First off, I have a dataset with sparse longitudinal data. There are 30 individuals with 1 sample, 30 individuals with 2 samples, and 5 individuals with 3 samples. Various categorical variables are known for each individual and I want to see if these variables are correlated with a drug level (a continuous variable). Let's just focus on one categorical variable: homelessness. The main issue is that the number of people who are homeless is not equal to those who are not so I cannot perform a simple wilcoxon signed rank test or most other paired tests.
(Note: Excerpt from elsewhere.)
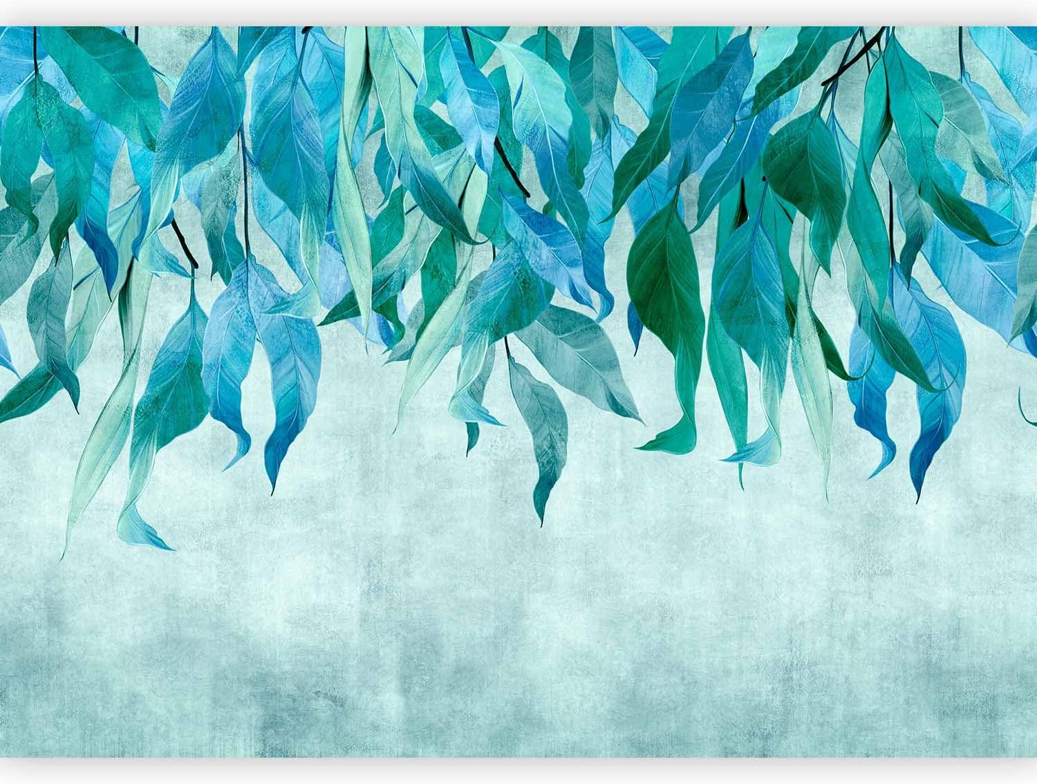 artgeist Premium Wall Mural Hanging Leaves 157x110 in - Non-Woven Wallpaper Fleece Wall Decor Photo Print Picture Image Design Nature Botanical Concrete Green Blue b-C-10146-a-b
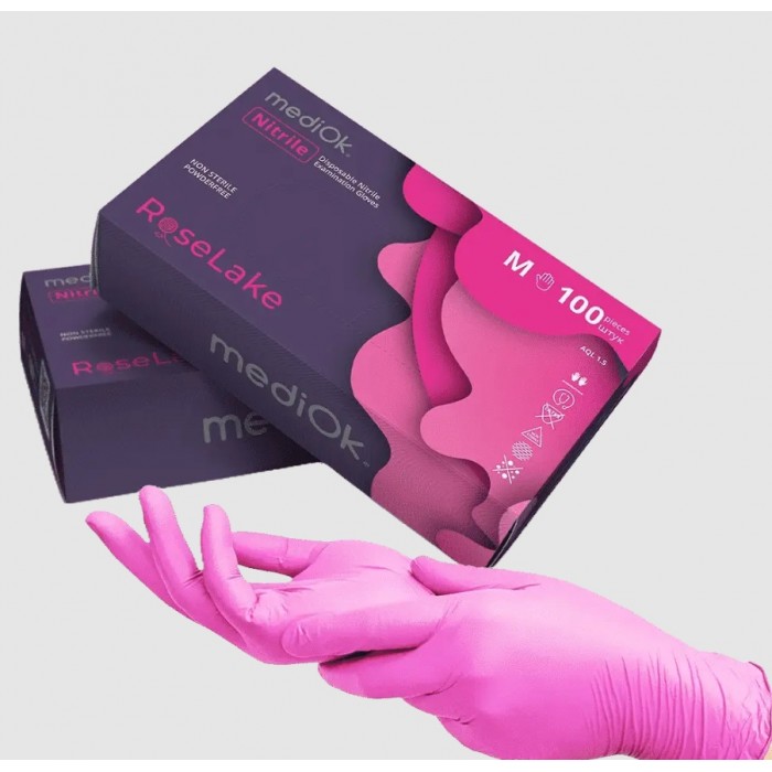 Перчатки одноразовые нитриловые без пудры ярко-розовые Mediok Rose Lake 100 шт, 3.5 грамм размер М

As a result, I generated a linear model to see the relationship between homelessness and the drug levels using a random slope/intercept for each individual and another for those who are not homeless. Of course, if I just perform an ANOVA(linearmodel1, linearmodel2) I get the result:
"all fitted objects must use the same number of observations".
Edit:
As pointed in comment by @Roland (see link below in comments), one approach is to combine the data and make 2 models: 1 with the variable homelessness and 1 without. Using polynomial regression this can be done with:
###Create some example data
mydata1 <- subset(iris, Species == "setosa", select = c(Sepal.Length, Sepal.Width))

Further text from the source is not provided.